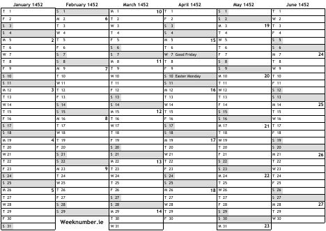 1452 calendar
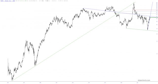 The longer-term chart looks treacherous. Anyway, I’ve required June $165 puts.
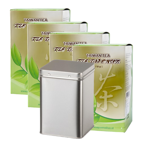 Aanbieding in de maand okotber: bij bestelling van 4 x 250 gram Tze Tji Chun groene thee een zilverkleurige bewaarbus 500cc gratis! Bovendien heeft u bij deze bestelling geen verzendkosten!
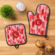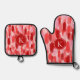 Red Pink Abstract Brushstrokes Pattern Monogram Oven Mitt & Pot Holder Set
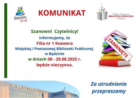28 LIP Komunikat dot. pracy Filii nr 5 - Grodziec w okresie 28.07 - 14.08.2025 r Za utrudnienia przepraszamy.
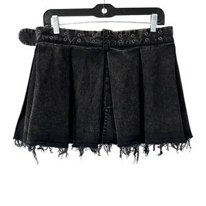 Darker Wavs Dolls Kill dollskill bassline distressed mini skirt micro mini XL black acid wash distressed frayed grommet pleated new with tags nwt goth gothic whimsigoth emo grunge punk
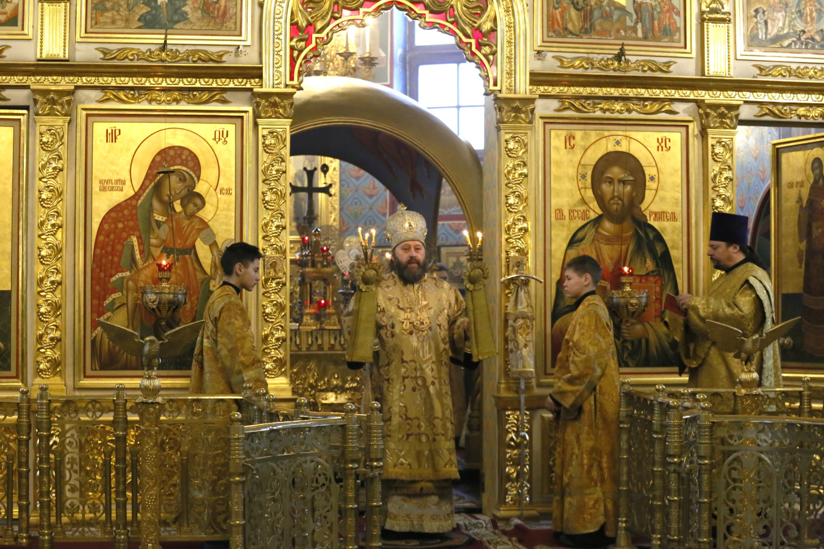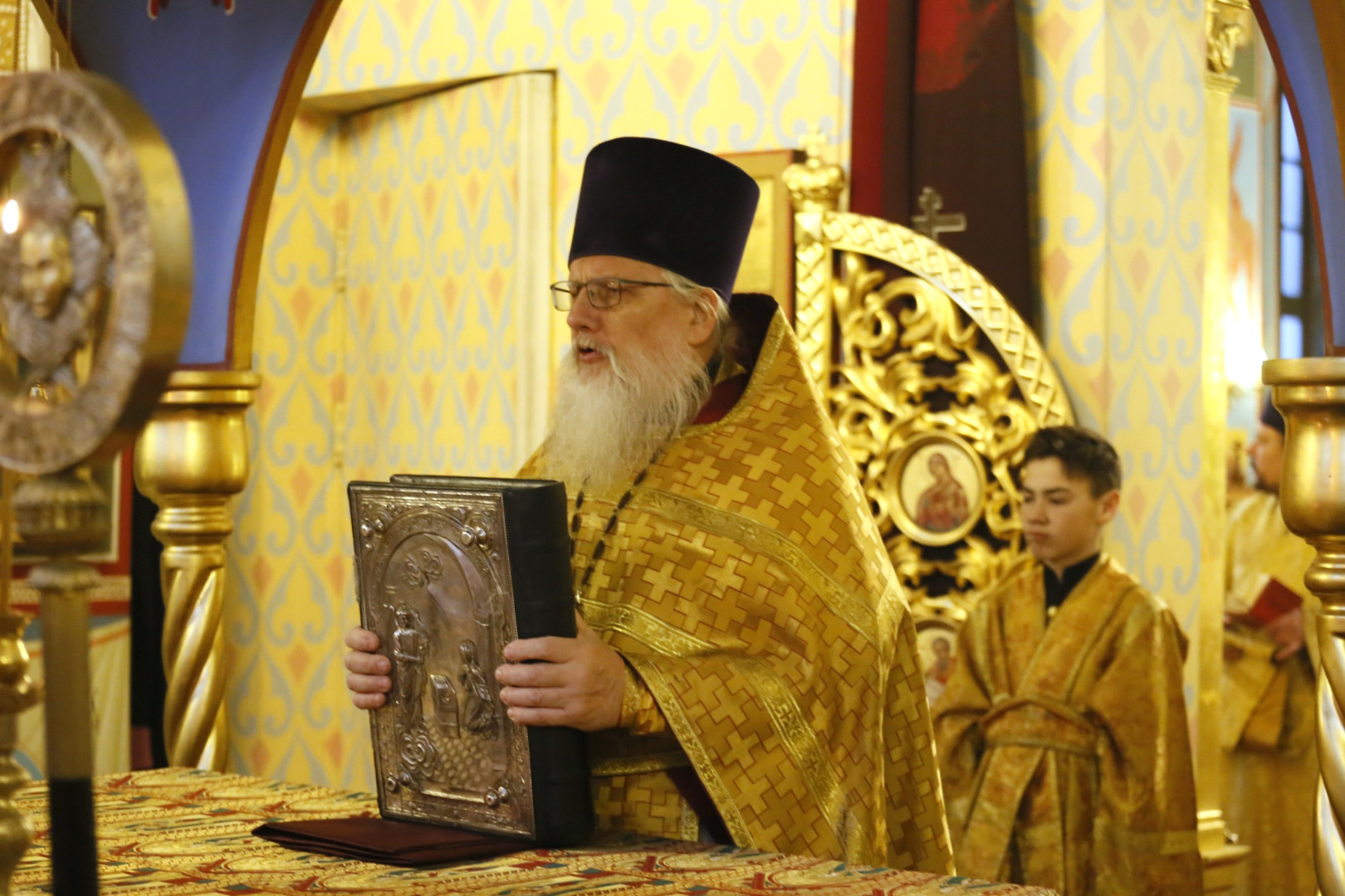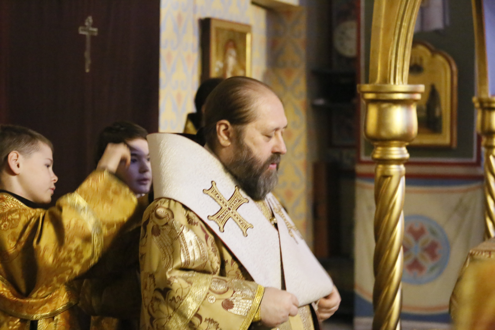 Владыке сослужили протоиереи Олег Попов, Димитрий Ляпустин, священник Евгений Мотькин и Евгений Девятов. Диаконский чин возглавил протодиакон Андрей Ермаков.
○ ○ ○ ○
* _EXERCISE_
All of the material shown above needs to be duplicated exactly. Omit every picture.

* _ANSWER BOX_
 1452 calendar
 The longer-term chart looks treacherous. Anyway, I’ve required June $165 puts.
 Aanbieding in de maand okotber: bij bestelling van 4 x 250 gram Tze Tji Chun groene thee een zilverkleurige bewaarbus 500cc gratis! Bovendien heeft u bij deze bestelling geen verzendkosten!
 Red Pink Abstract Brushstrokes Pattern Monogram Oven Mitt & Pot Holder Set
28 LIP Komunikat dot. pracy Filii nr 5 - Grodziec w okresie 28.07 - 14.08.2025 r Za utrudnienia przepraszamy.
 Darker Wavs Dolls Kill dollskill bassline distressed mini skirt micro mini XL black acid wash distressed frayed grommet pleated new with tags nwt goth gothic whimsigoth emo grunge punk
 Владыке сослужили протоиереи Олег Попов, Димитрий Ляпустин, священник Евгений Мотькин и Евгений Девятов. Диаконский чин возглавил протодиакон Андрей Ермаков.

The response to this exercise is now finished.